- **Problem to solve**
Every line from the first record below down to the line that includes "Non lasciarti sfuggire" must be reproduced exactly; the pictures are not.

····················

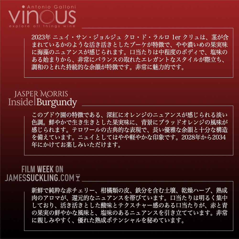 大手保険会社アクサ・ミレジム所有の究極造り手による単独所有畑 の大人気一級畑クロ・デ・ラルロ!
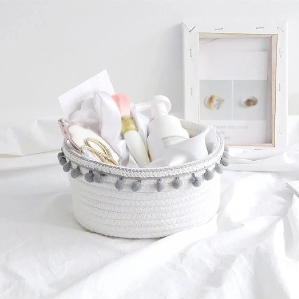 Non lasciarti sfuggire l’occasione di aggiungere un tocco di stile e funzionalità alla tua casa. Scopri subito il cesto porta oggetti per biancheria in corda con pon pon grigi e inizia a organizzare i tuoi spazi con classe!
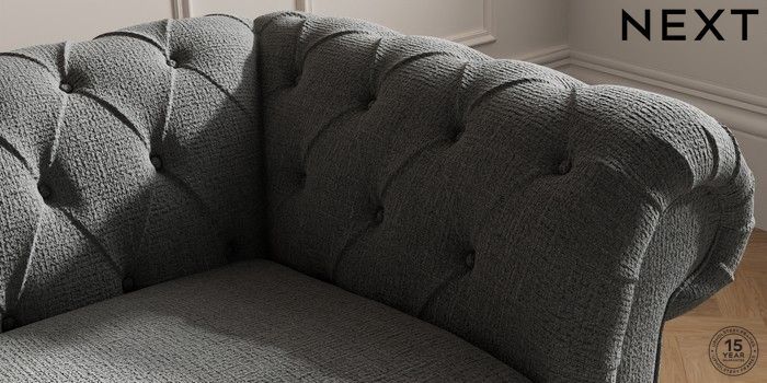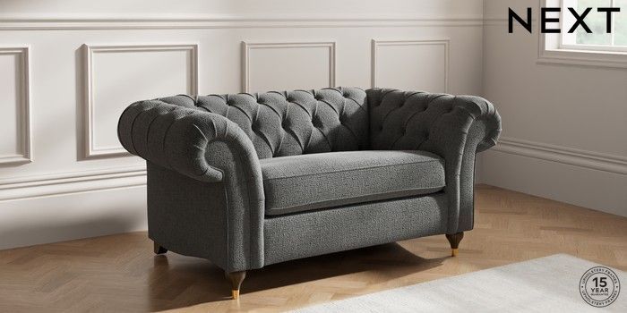 7.2.10 Gosford II Deep Sit 2 Seater Small Sofa Chunky Texture Dark Grey Modern Turned Metal Cap - Mid | Made Click here to use our website with more accessibility support, for example screen readers
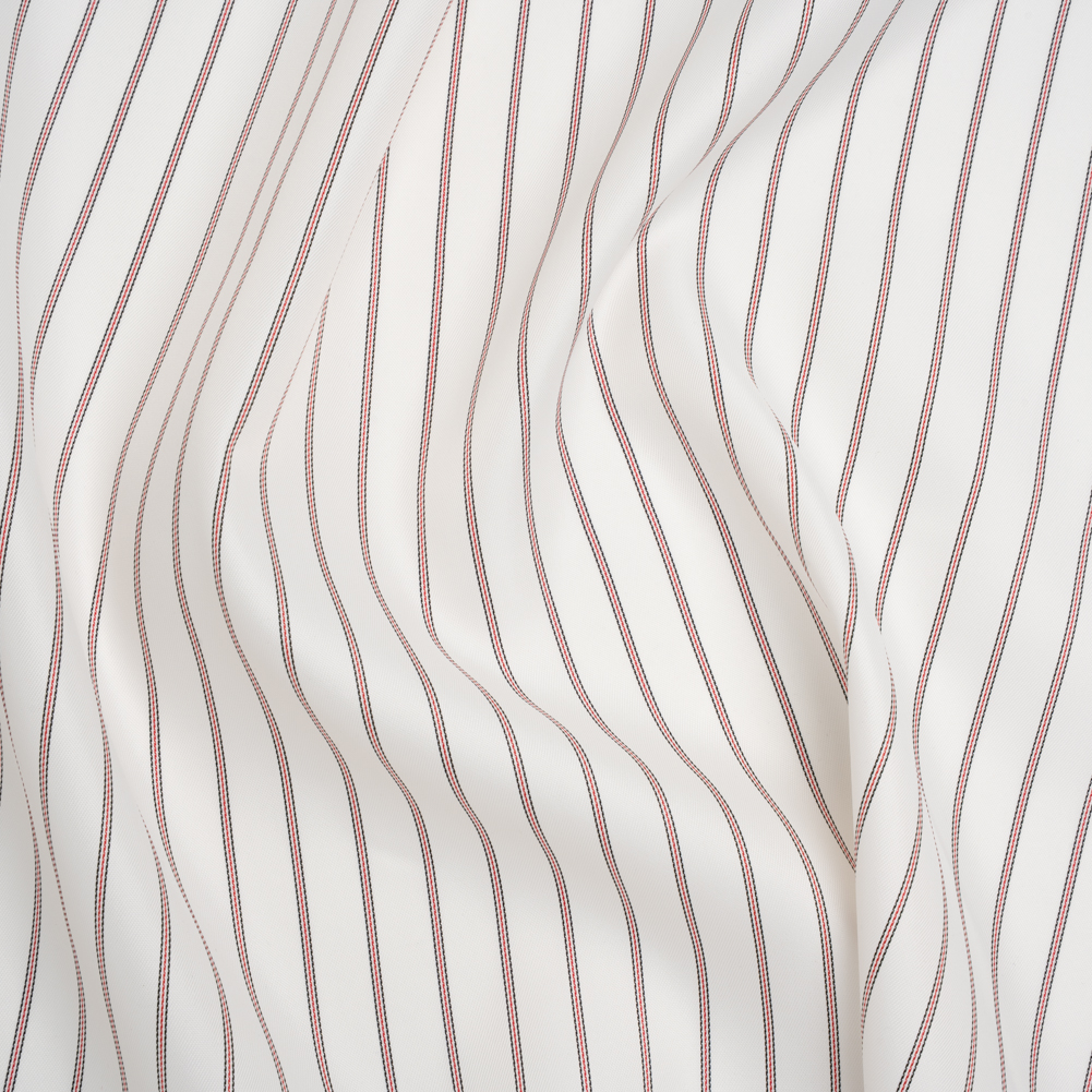Perfect your project to the very last detail with this Striped Acetate Twill Lining, featuring a sleek, cool hand and fluid drape—ideally paired with a fashion fabric for a fully opaque finish.Suggested Projects: Linings for Jackets, Blazers, Dresses, SkirtsContent: AcetateStretch: NoneOpacity: SheerDelicate black and red threads race across the white backdrop of this twill lining in crisp, tailored stripes. With a sleek, cool hand and fluid drape, it’s the ideal companion for any number of fashion fabrics, lending garments a polished, professional finish. Line everything from pea and trench coats to blazers, jackets, cloaks, and even dresses or skirts. Sheer and lightweight, this fabric is best layered with a fashion fabric for full opacity and structure.
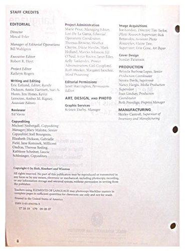 Holt Elements of Language, 5th Course: Grammar, Usage and Mechanics- Language Skills Practice, Grade 11
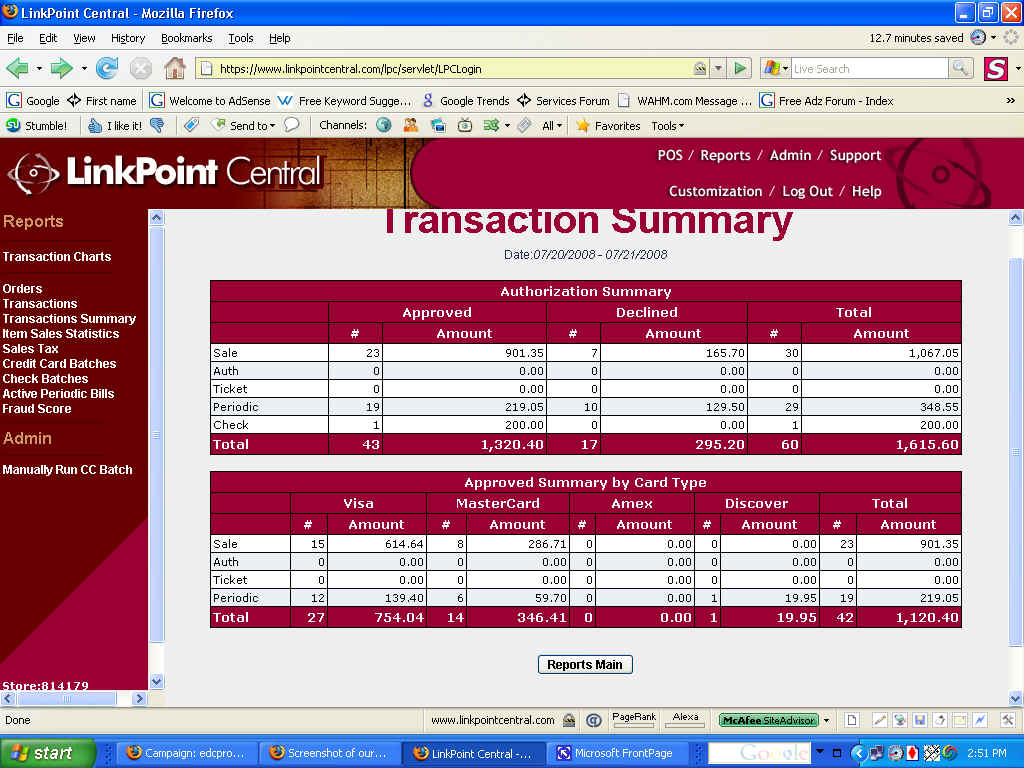 Screenshot of our merchant account 7/20 to 7/21
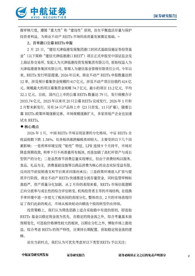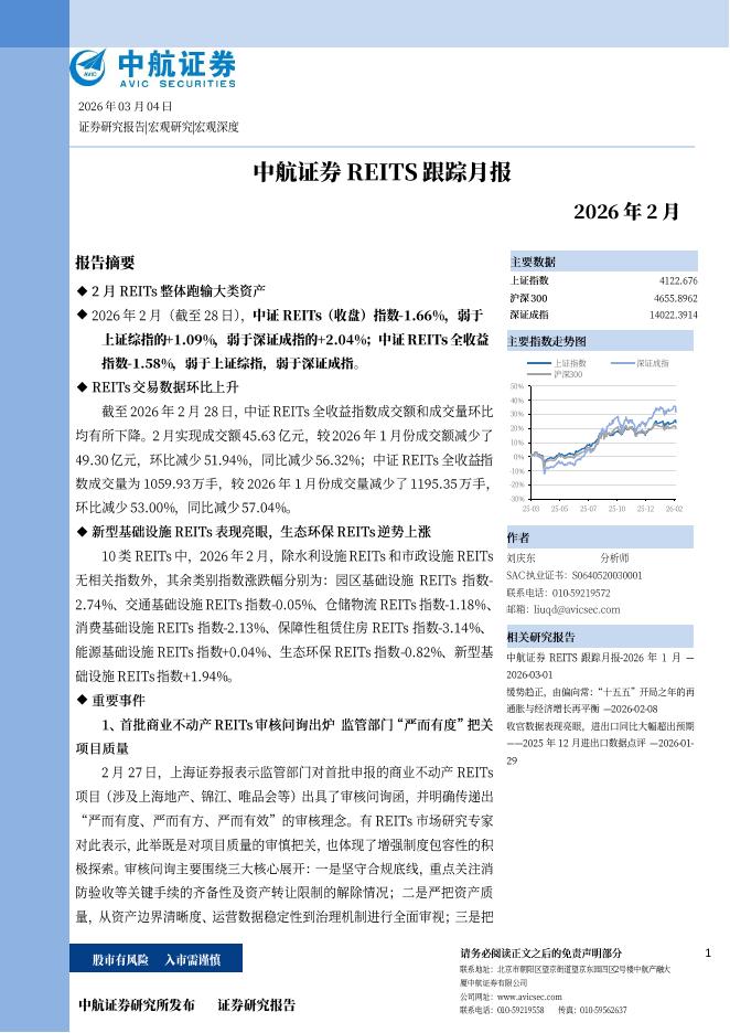 中航证券:REITS跟踪月报2026年2月-260318.pdf
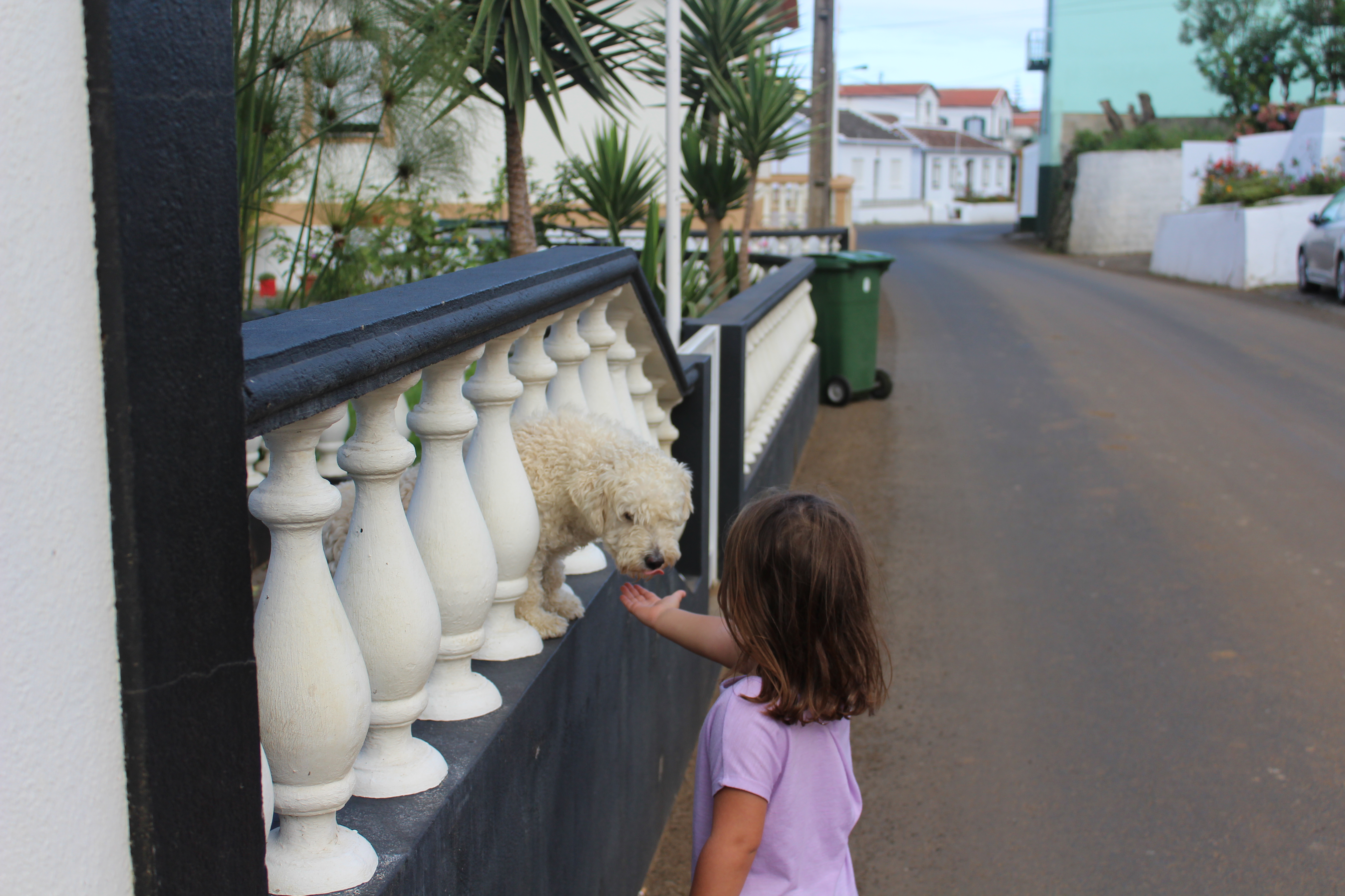 Harper and I try to walk the road every day to get out of the house and I decided to finally take our camera. We say hi to our favorite animals- especially this ADORABLE little pup- on the busy road. When I say busy, it’s not big city busy but tractors and speeding cars. There isn’t a speed limit in town… I feel the wind from car mirrors just about hitting us when we walk. The biggest downfall of Fontinhas is no sidewalks. But thats what makes Portugal unique. Dodge the cars lol YIKES… I make sure Harps is always touching the wall.

····················

- **Output of the exercise**
 大手保険会社アクサ・ミレジム所有の究極造り手による単独所有畑 の大人気一級畑クロ・デ・ラルロ!
 Non lasciarti sfuggire l’occasione di aggiungere un tocco di stile e funzionalità alla tua casa. Scopri subito il cesto porta oggetti per biancheria in corda con pon pon grigi e inizia a organizzare i tuoi spazi con classe!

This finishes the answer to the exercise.